Sebaiknya kader IMM bisa berfikir reflekif dan menghadirkan kesadaran sejarah. Saya rasa kita perlu kembali membaca sejarah mereka, bukan untuk terjebak dan berkutat serta larut dalam romantisme sejarah. Namun, untuk kembali mengambil semangat zaman yang diharapkan bisa dikontekstualisasikan dengan perjuangan kita sekarang.
IMM sekarang Kehilangan Arah
Saya mengamati IMM perhari ini, terlebih di Jawa Tengah, tidak memiliki arah yang jelas. Memahami dari Prof. Dr. Haedar Nashir bahwa organisasi itu seperti ikan, dan ikan itu busuk dari kepalanya, ketika busuk kepalanya, maka seluruh badan yang lain pun dalam waktu dekat akan ikut busuk.
Saya berasumsi ada beberapa hal yang menyebabkan ketidakjelasan arah pergerakan perhari ini. Salah satunya yaitu tidak konsisten merawat perkaderan. Maksudnya yaitu tidak fokus terhadap tanggungan dan tuntutan masalah. Sebagai contoh agenda Lokakarya TKK IMM Jawa Tengah kemarin, sampai sekarang tidak ada follow up atas tanggungan bahwa kader IMM harus hadir memakmurkan masjid. Tidak ada tindak lanjut dari kegiatan tersebut. Sangat disayangkan hampir disetiap perkaderan di IMM lupa untuk di tindak lanjut lagi, kemudian proses tindak lanjut itu, diperhatikan lagi apakah membawa perubahan yang baik atau tidak.

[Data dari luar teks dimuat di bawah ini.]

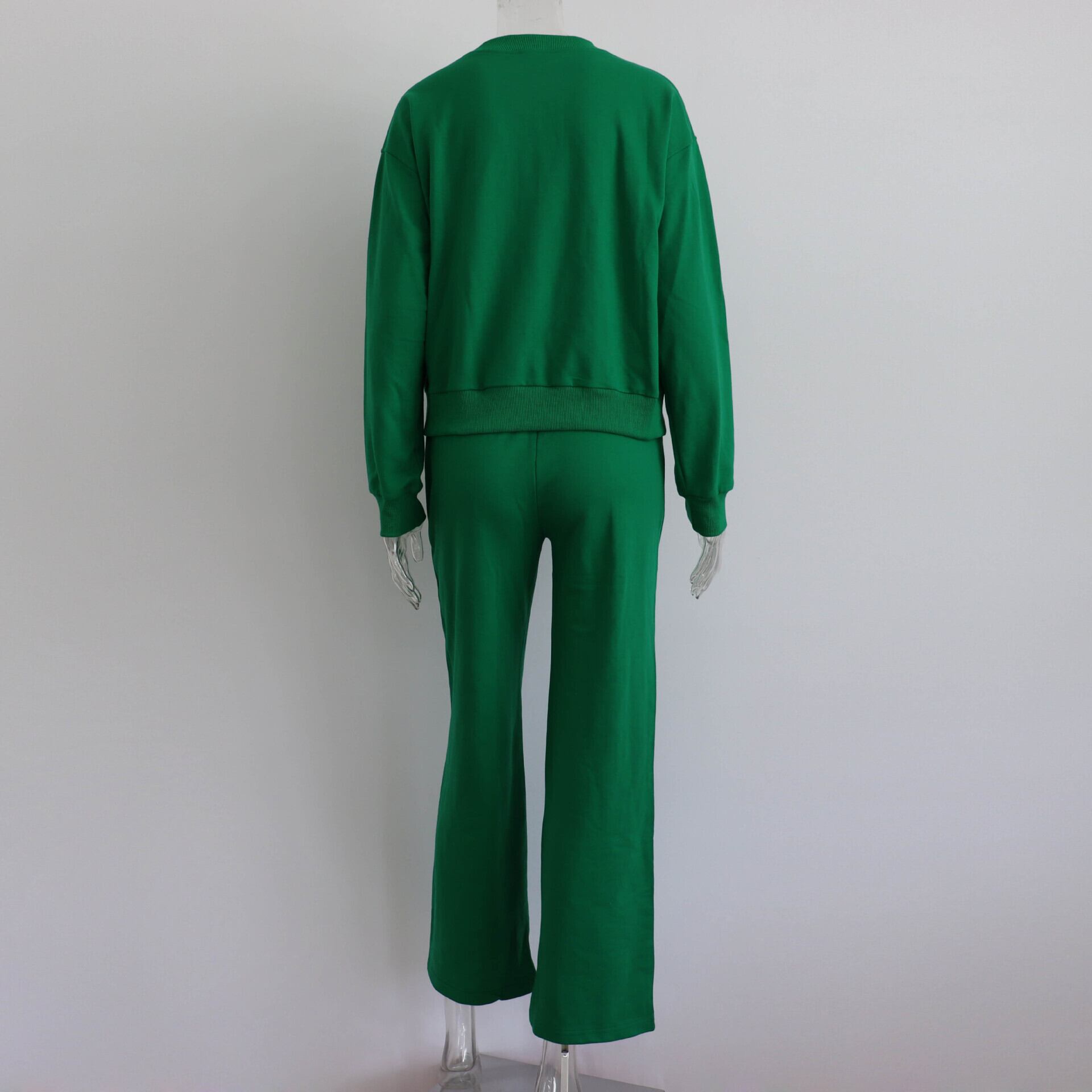 無地長袖ラウンドネックセータースーツ女性 2021 秋と冬ルーズトップワイドレッグパンツ ロング オータム 秋物 ウィンター 冬物 Oネック ソリッドカラー bel79182931976
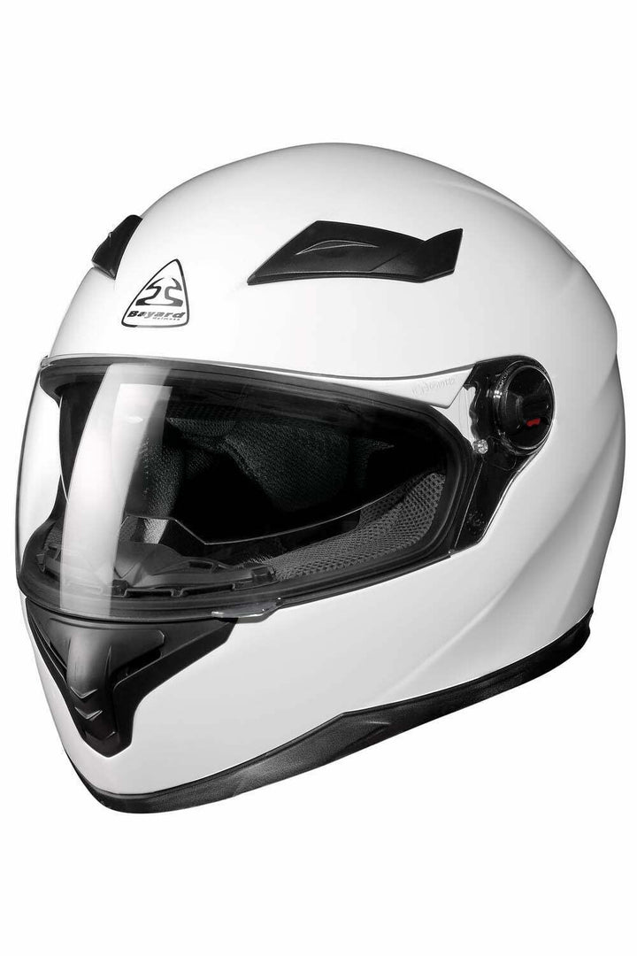 Sporty full-face helmet made of fiberglass with integrated sun protection.

Kemudian faktor selanjutnya, yaitu sibuk mencari ketenaran semata diruang digital. Alhasil, perkaderan-perkaderan yang ada hanya sebatas seremonial sesuai kebutuhan digital. Kader-kader pun ketika perkaderan sibuk untuk berfoto-foto dan melupakan tuntutan dan tindak lanjut perkaderan.
Asumsi saya selanjutnya yang menjadi masalah adalah tidak ada kolaborasi perkaderan. Perkaderan perhari ini saya melihat mengejar eksistensi masing-masing padahal memiliki tujuan yang sama, semisal di cabang yang berdekatan tetapi mengadakan perkaderan yang sama dalam waktu dekat, mungkin baik saja sebagai kebutuhan kader mereka. Akan tetapi, menurut hemat saya akan menjadi lebih baik ketika perkaderan itu dikolaborasikan, bukan hanya menambah khazanah pemikiran, tetapi juga menambah khazanah system perkaderan.
Kemungkinan besar, menurut saya karena ketiga faktor tersebut yang mengakibatkan IMM perkaderannya tidak membuahkan hasil. Selama hal-hal tersebut masih mandarah daging dalam tubuh IMM, maka selama itu pula IMM akan kehilangan arah saya rasa.
Penutup
Begitu banyaknya permasalahan-permasalahan IMM, terlepas dari itu semua, IMM saya rasa masih ditunggu pergerakan oleh masyarapat terlebih oleh ayahanda dipersyarikatan. Akan tetapi, jika masalah-masalah tersebut masih ada dalam tubuh ikatan, sangat disayangkan jika IMM dimasa yang akan datang tidak lagi didambakan, tidak lagi ditunggu pergerakannya.
Menurut saya, sudah seharusnya IMM melakukan evaluasi. Baik evaluasi pergerakan maupun evaluasi perkaderan, mengapa tidak memberi dampak yang nyata? Semoga tulisan ini bisa menjadi bahan refleksi dan tumbuh kesadaran terhadap pergerakan dan perkaderan yang telah dibangun. Sudah saatnya diwaktu yang tidak muda lagi, IMM memberi dampak yang nyata, memberikan perubahan yang baik. Bukan waktunya lagi mengedepankan ikatan demi eksistensi pribadi maupun organisasi semata.
Mari bergerak dengan kajian yang matang, atas dasar kesadaran. Bukan lagi hanya karena eksistensi semata. Abadi Perjuangan!